TRY IT
All lines below starting at the one that holds "感染新冠病毒未能康复者,在步" and ending at the one that holds "從技術(shù)突破來看,A" should be printed exactly, ends included. Pictures should not be printed, nor anything else.

SOURCE MATERIAL
_ _ _

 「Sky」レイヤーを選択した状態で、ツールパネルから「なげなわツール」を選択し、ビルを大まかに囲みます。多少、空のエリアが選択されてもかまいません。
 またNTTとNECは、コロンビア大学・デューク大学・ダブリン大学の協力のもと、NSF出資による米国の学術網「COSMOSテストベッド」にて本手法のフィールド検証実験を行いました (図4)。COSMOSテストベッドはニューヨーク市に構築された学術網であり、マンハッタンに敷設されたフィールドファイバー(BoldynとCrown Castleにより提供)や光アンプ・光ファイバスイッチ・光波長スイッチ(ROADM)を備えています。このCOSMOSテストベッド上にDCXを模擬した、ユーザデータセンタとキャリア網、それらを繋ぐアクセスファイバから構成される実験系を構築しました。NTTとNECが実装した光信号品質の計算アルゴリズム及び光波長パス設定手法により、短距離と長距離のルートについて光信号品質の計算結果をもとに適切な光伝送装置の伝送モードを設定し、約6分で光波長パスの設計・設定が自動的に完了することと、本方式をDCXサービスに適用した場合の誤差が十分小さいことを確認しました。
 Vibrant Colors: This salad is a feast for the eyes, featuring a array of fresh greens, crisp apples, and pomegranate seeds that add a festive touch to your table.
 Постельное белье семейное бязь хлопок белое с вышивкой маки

_ _ _

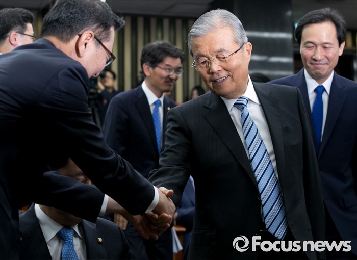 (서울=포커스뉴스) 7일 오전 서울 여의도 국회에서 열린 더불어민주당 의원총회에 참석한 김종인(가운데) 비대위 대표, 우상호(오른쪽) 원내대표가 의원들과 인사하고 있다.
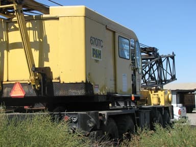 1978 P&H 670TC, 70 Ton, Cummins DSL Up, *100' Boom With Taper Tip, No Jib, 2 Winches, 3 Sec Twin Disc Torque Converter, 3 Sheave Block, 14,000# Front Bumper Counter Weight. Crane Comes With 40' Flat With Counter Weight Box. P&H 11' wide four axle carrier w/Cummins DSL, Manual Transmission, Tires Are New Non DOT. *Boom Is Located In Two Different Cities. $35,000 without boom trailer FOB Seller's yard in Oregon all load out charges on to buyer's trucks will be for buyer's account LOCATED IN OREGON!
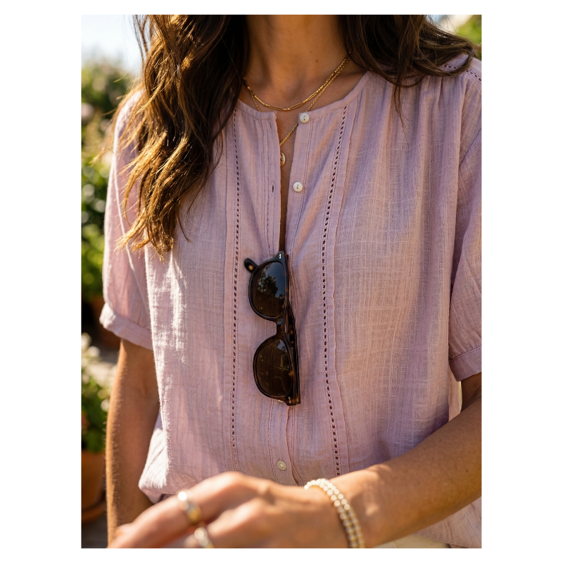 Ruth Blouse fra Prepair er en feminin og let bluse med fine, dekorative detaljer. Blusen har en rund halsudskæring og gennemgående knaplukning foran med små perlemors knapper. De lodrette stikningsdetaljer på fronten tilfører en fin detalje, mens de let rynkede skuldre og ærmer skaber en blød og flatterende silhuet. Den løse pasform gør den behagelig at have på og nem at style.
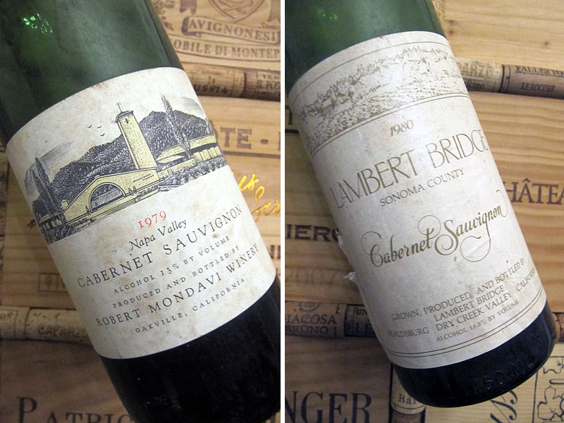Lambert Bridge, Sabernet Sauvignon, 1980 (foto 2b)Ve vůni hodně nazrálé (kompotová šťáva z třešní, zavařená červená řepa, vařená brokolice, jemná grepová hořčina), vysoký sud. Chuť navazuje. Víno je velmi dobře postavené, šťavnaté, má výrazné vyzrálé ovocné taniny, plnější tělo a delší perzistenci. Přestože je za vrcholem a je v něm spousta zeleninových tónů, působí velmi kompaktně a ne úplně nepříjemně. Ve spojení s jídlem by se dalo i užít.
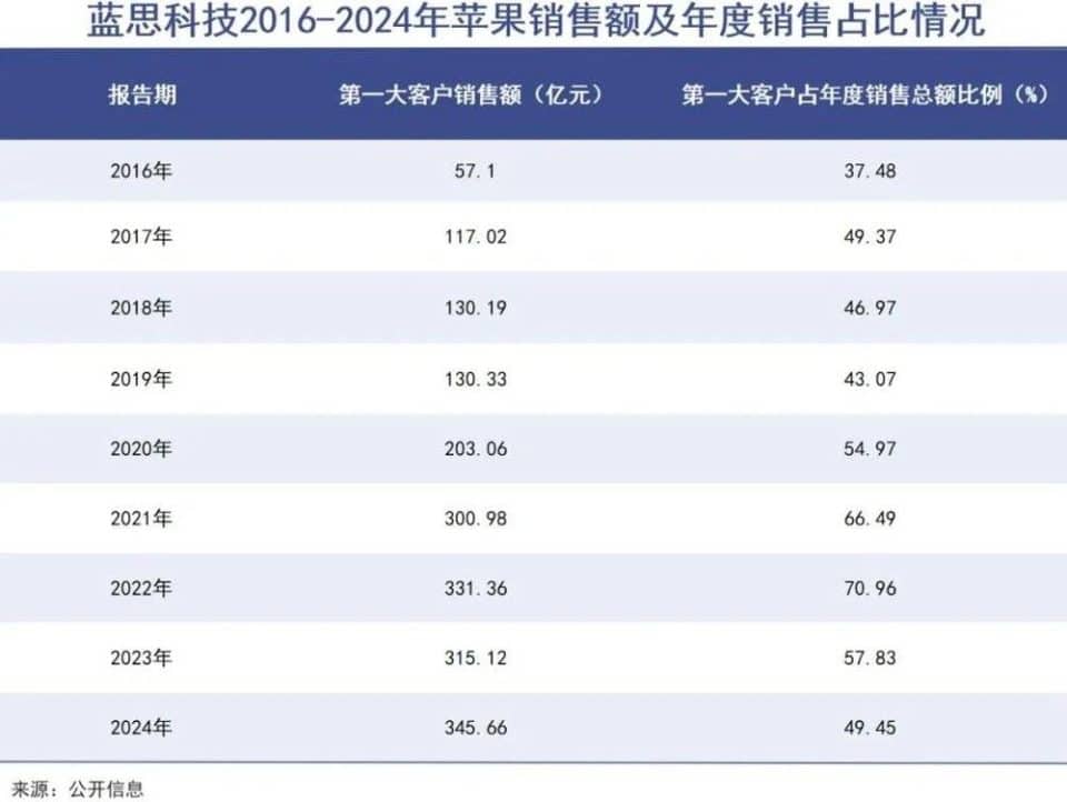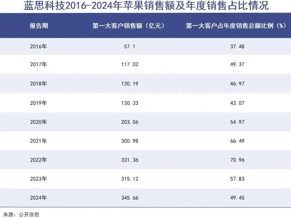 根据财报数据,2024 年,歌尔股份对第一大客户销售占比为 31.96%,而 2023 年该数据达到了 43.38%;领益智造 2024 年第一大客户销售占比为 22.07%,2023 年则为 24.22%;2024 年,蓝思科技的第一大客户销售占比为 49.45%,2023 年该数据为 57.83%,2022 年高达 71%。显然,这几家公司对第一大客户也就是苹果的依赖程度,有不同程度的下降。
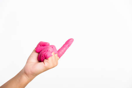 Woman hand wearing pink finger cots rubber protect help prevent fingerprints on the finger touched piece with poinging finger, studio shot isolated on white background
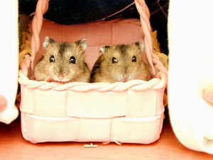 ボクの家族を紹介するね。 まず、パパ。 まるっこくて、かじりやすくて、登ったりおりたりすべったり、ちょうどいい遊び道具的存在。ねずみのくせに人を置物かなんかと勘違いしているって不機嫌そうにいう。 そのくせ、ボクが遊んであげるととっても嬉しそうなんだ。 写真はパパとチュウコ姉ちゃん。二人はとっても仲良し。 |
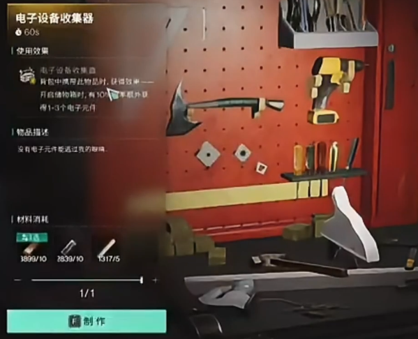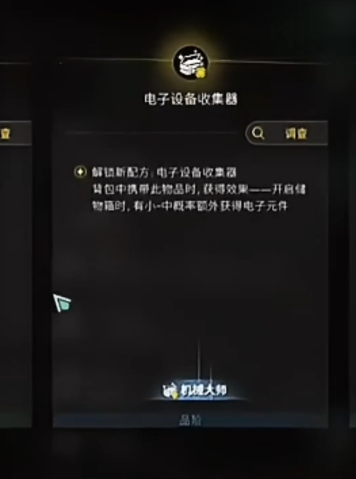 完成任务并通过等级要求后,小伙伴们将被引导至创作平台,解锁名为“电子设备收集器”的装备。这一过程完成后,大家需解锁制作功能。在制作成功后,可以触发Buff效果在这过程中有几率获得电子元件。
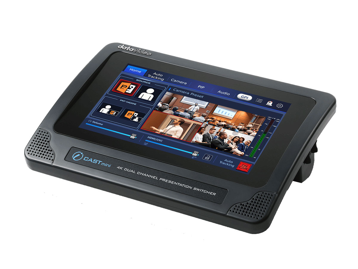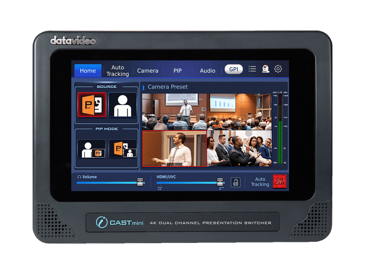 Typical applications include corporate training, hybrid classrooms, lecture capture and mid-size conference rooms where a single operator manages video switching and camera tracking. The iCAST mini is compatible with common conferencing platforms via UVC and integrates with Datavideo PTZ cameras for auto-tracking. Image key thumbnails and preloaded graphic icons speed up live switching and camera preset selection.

_ _ _

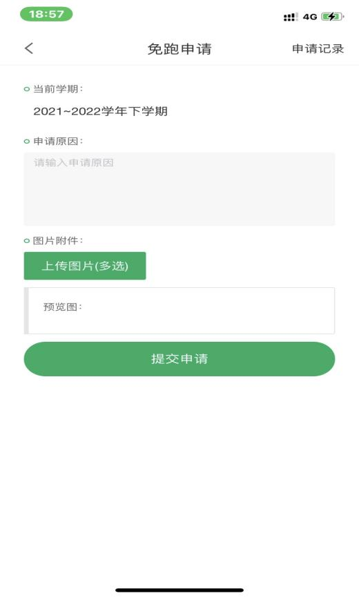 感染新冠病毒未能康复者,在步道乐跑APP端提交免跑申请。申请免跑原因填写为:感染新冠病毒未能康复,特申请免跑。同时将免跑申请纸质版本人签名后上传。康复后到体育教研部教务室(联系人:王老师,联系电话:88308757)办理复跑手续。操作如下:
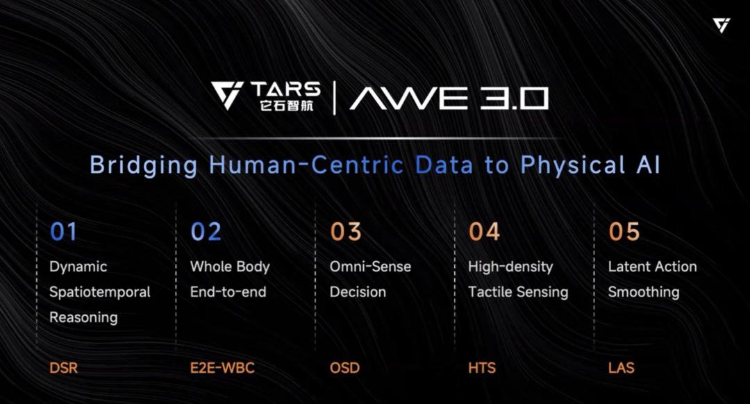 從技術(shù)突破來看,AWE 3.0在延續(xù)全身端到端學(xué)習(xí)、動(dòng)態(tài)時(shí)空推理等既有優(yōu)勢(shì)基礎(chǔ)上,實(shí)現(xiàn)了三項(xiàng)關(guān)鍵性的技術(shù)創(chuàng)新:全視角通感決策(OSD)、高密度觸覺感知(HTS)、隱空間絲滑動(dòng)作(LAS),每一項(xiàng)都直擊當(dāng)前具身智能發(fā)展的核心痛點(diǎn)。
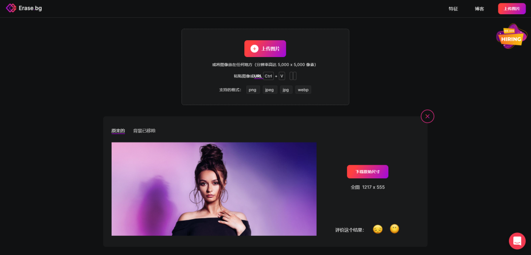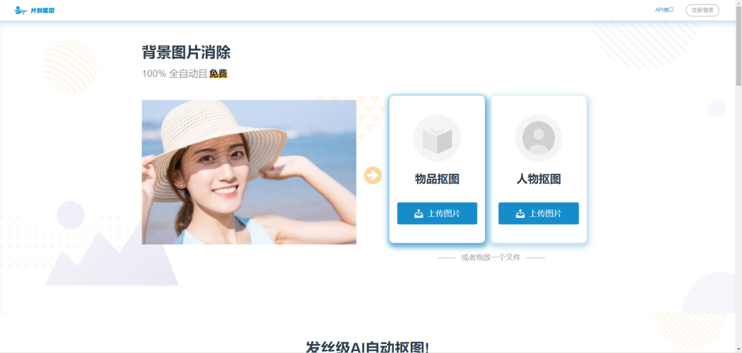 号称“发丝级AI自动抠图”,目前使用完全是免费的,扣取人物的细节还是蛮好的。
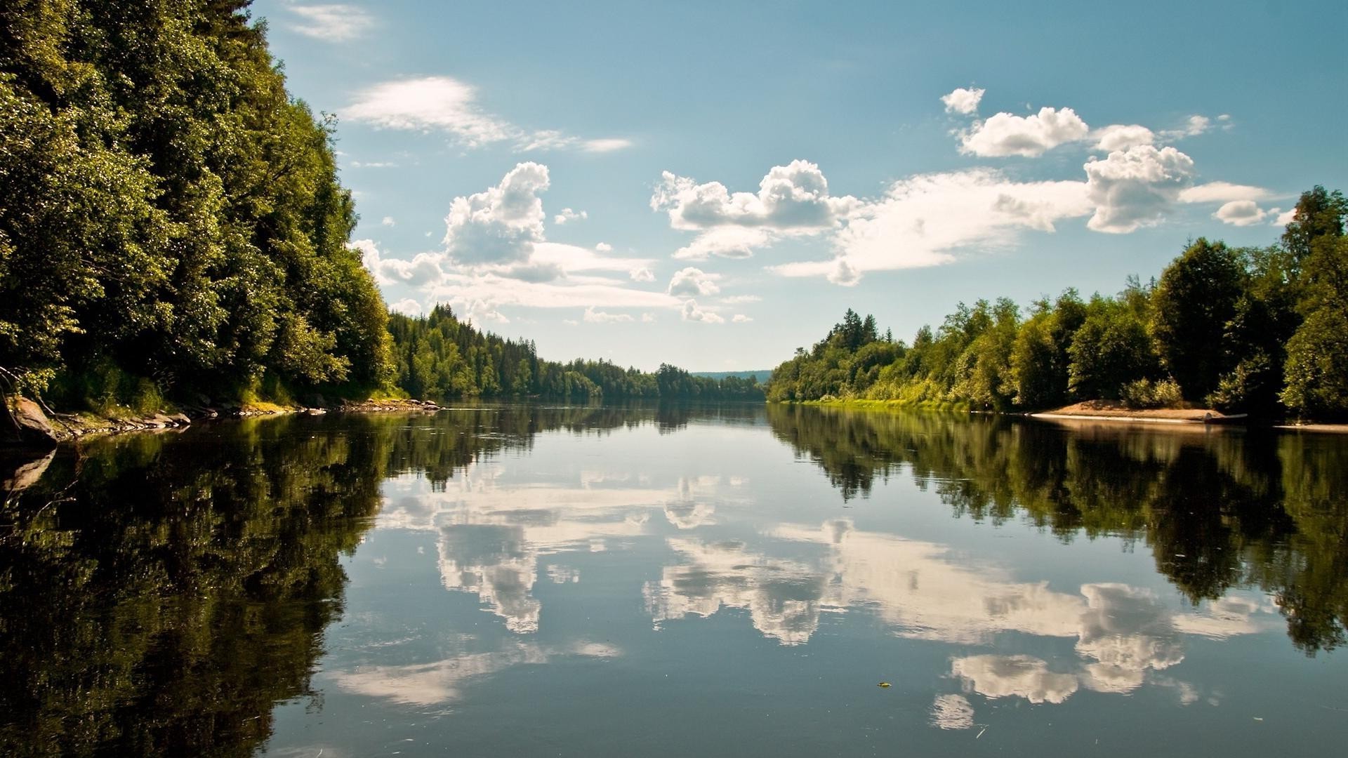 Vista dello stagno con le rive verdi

_ _ _

ANSWER BELOW
 感染新冠病毒未能康复者,在步道乐跑APP端提交免跑申请。申请免跑原因填写为:感染新冠病毒未能康复,特申请免跑。同时将免跑申请纸质版本人签名后上传。康复后到体育教研部教务室(联系人:王老师,联系电话:88308757)办理复跑手续。操作如下:
 從技術(shù)突破來看,AWE 3.0在延續(xù)全身端到端學(xué)習(xí)、動(dòng)態(tài)時(shí)空推理等既有優(yōu)勢(shì)基礎(chǔ)上,實(shí)現(xiàn)了三項(xiàng)關(guān)鍵性的技術(shù)創(chuàng)新:全視角通感決策(OSD)、高密度觸覺感知(HTS)、隱空間絲滑動(dòng)作(LAS),每一項(xiàng)都直擊當(dāng)前具身智能發(fā)展的核心痛點(diǎn)。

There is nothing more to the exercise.